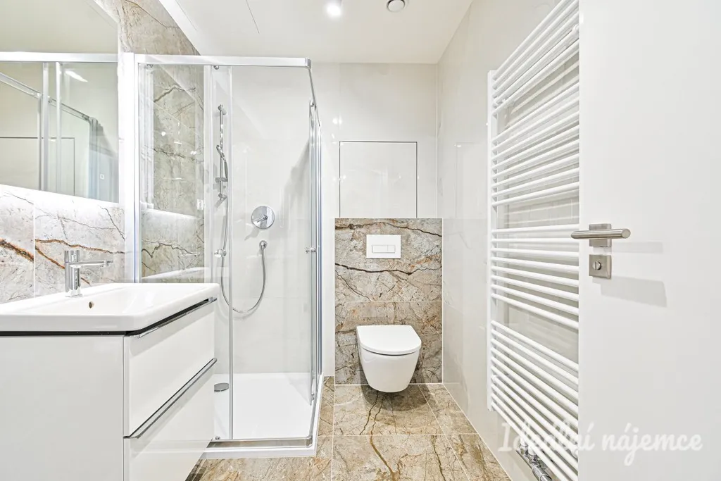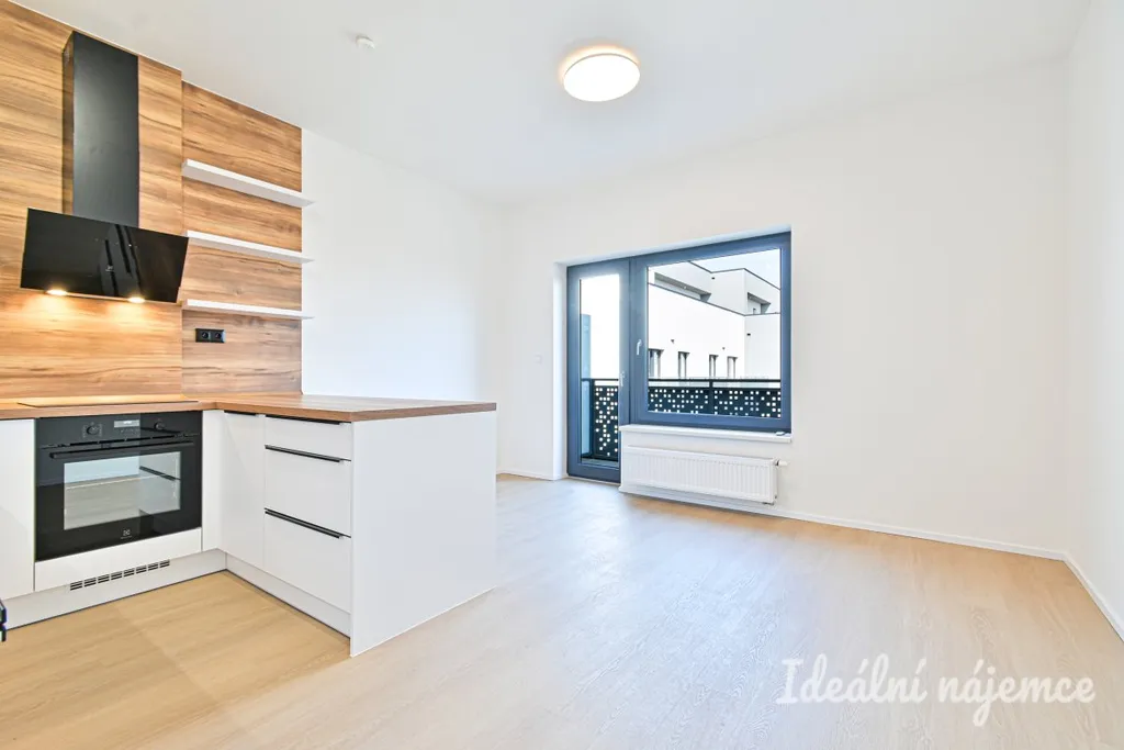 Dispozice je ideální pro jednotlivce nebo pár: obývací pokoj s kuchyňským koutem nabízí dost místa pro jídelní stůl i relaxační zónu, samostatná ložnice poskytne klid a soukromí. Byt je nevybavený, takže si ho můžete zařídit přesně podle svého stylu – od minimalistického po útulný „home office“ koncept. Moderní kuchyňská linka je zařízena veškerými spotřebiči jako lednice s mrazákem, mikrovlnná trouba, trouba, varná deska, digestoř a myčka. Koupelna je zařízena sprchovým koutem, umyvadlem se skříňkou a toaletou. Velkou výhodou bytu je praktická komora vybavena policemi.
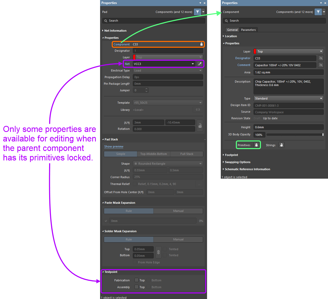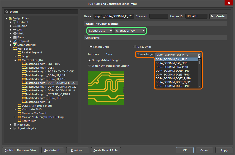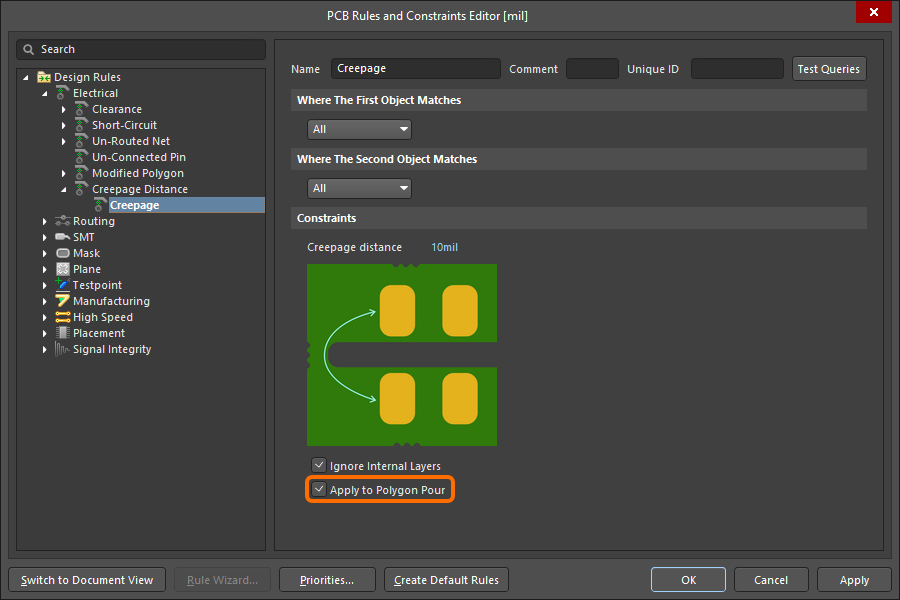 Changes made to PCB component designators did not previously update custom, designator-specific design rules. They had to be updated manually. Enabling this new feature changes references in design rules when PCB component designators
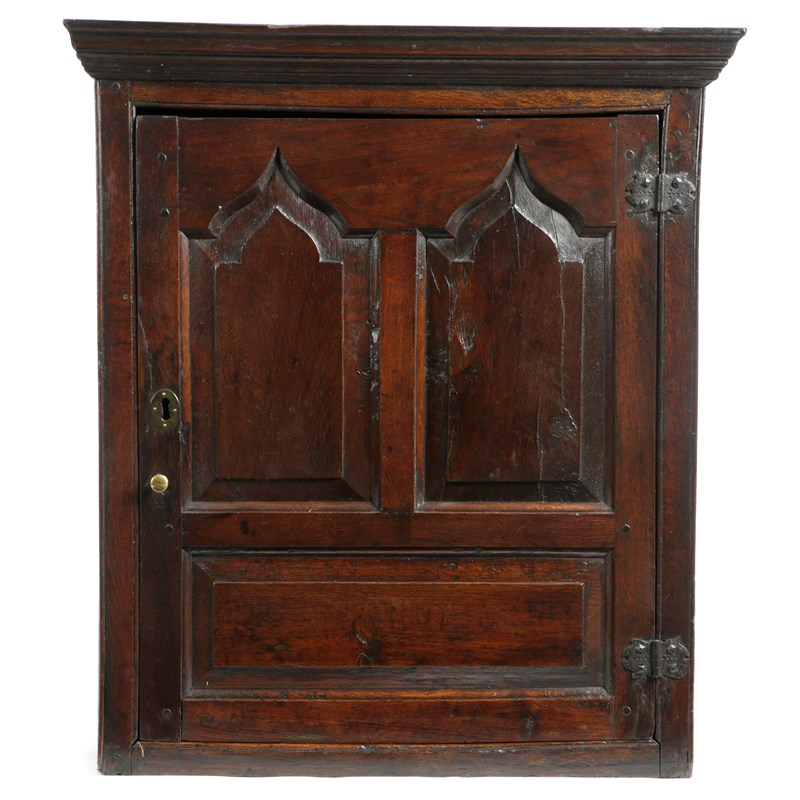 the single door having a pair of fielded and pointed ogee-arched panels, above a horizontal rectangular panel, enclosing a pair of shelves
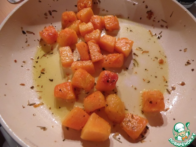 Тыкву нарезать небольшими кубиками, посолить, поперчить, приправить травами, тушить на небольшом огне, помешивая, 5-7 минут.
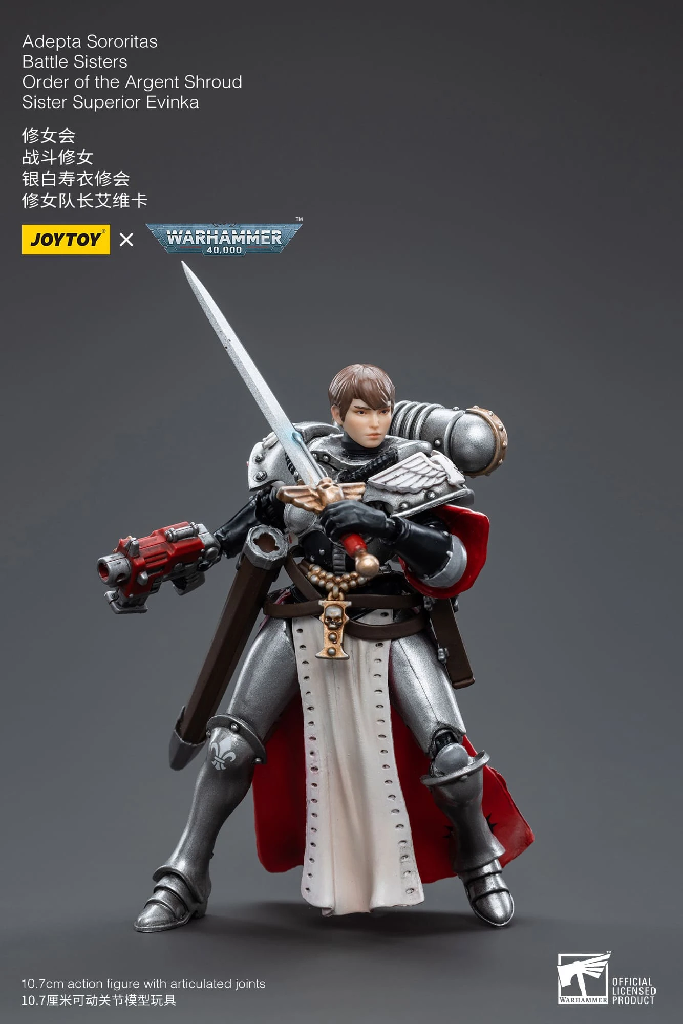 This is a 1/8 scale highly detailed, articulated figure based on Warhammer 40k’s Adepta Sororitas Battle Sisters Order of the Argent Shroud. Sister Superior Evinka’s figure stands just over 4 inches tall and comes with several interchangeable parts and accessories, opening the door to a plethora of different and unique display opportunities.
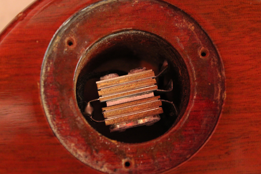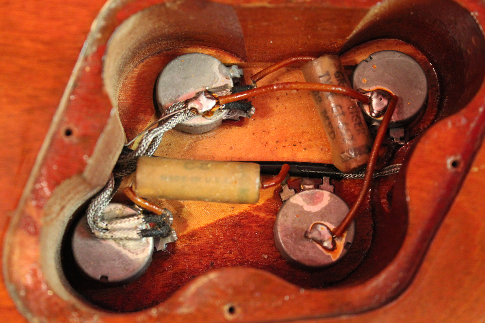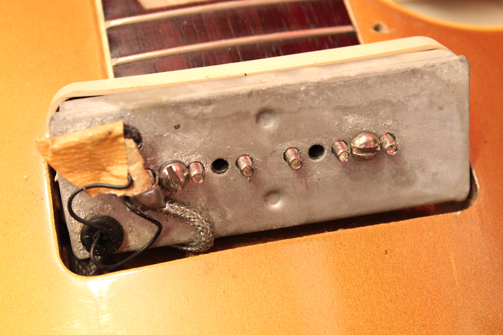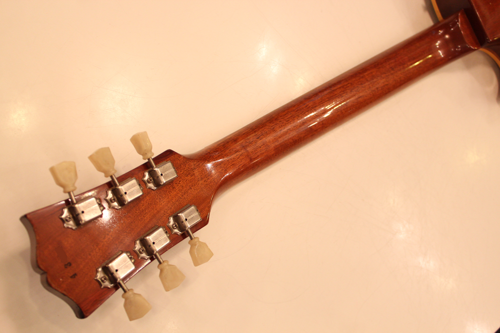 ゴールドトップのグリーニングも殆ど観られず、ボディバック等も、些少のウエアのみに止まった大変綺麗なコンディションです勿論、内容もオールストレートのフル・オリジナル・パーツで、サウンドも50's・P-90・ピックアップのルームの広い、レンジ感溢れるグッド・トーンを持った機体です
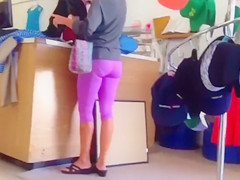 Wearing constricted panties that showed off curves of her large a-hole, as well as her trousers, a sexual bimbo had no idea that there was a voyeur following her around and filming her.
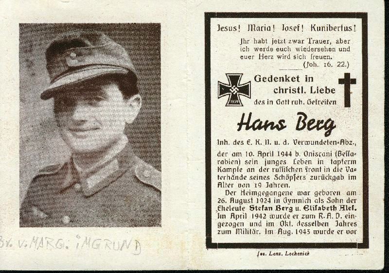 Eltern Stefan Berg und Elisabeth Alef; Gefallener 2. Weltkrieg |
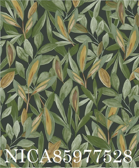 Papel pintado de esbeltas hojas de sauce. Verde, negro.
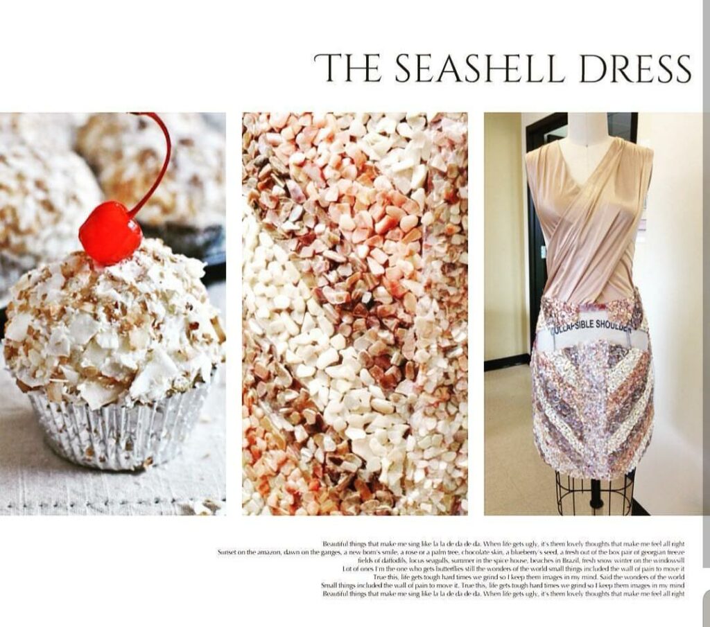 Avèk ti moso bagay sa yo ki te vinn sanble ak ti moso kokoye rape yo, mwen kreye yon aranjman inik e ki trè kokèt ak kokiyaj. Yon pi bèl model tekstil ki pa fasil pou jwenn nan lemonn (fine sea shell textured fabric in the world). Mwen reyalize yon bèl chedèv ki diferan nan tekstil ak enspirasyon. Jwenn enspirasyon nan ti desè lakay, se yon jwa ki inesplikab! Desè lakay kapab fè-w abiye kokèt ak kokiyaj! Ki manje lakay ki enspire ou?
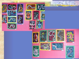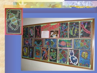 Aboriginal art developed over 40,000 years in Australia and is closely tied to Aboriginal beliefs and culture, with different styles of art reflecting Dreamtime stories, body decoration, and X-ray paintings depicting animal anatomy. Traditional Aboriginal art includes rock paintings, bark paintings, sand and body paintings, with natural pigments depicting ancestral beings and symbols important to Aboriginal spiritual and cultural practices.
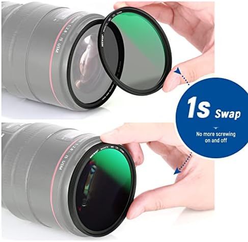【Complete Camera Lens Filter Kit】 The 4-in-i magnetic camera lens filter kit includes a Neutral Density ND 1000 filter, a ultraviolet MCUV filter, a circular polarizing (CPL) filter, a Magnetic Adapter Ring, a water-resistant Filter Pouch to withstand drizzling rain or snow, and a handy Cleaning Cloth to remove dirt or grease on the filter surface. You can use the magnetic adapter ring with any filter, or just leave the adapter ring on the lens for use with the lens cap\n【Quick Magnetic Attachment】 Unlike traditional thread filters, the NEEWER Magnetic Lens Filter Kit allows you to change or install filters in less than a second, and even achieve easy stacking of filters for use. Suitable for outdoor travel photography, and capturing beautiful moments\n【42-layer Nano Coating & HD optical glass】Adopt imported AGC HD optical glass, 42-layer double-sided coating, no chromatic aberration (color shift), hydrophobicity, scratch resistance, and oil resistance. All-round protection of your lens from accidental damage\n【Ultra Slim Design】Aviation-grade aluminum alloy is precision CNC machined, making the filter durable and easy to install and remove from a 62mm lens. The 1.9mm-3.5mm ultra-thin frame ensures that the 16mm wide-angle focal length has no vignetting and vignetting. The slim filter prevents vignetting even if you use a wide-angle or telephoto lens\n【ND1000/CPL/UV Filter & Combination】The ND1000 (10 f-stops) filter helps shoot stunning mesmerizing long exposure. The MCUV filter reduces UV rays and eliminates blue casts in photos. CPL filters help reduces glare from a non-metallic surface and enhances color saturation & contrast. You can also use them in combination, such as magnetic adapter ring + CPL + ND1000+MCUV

——————————

Start with the line with "Eltern Stefan Berg" in the listing above and stop after the line with "Aboriginal art developed". Write out exactly the lines in that stretch and no others, without pictures.

 Eltern Stefan Berg und Elisabeth Alef; Gefallener 2. Weltkrieg |
 Papel pintado de esbeltas hojas de sauce. Verde, negro.
 Avèk ti moso bagay sa yo ki te vinn sanble ak ti moso kokoye rape yo, mwen kreye yon aranjman inik e ki trè kokèt ak kokiyaj. Yon pi bèl model tekstil ki pa fasil pou jwenn nan lemonn (fine sea shell textured fabric in the world). Mwen reyalize yon bèl chedèv ki diferan nan tekstil ak enspirasyon. Jwenn enspirasyon nan ti desè lakay, se yon jwa ki inesplikab! Desè lakay kapab fè-w abiye kokèt ak kokiyaj! Ki manje lakay ki enspire ou?
 Aboriginal art developed over 40,000 years in Australia and is closely tied to Aboriginal beliefs and culture, with different styles of art reflecting Dreamtime stories, body decoration, and X-ray paintings depicting animal anatomy. Traditional Aboriginal art includes rock paintings, bark paintings, sand and body paintings, with natural pigments depicting ancestral beings and symbols important to Aboriginal spiritual and cultural practices.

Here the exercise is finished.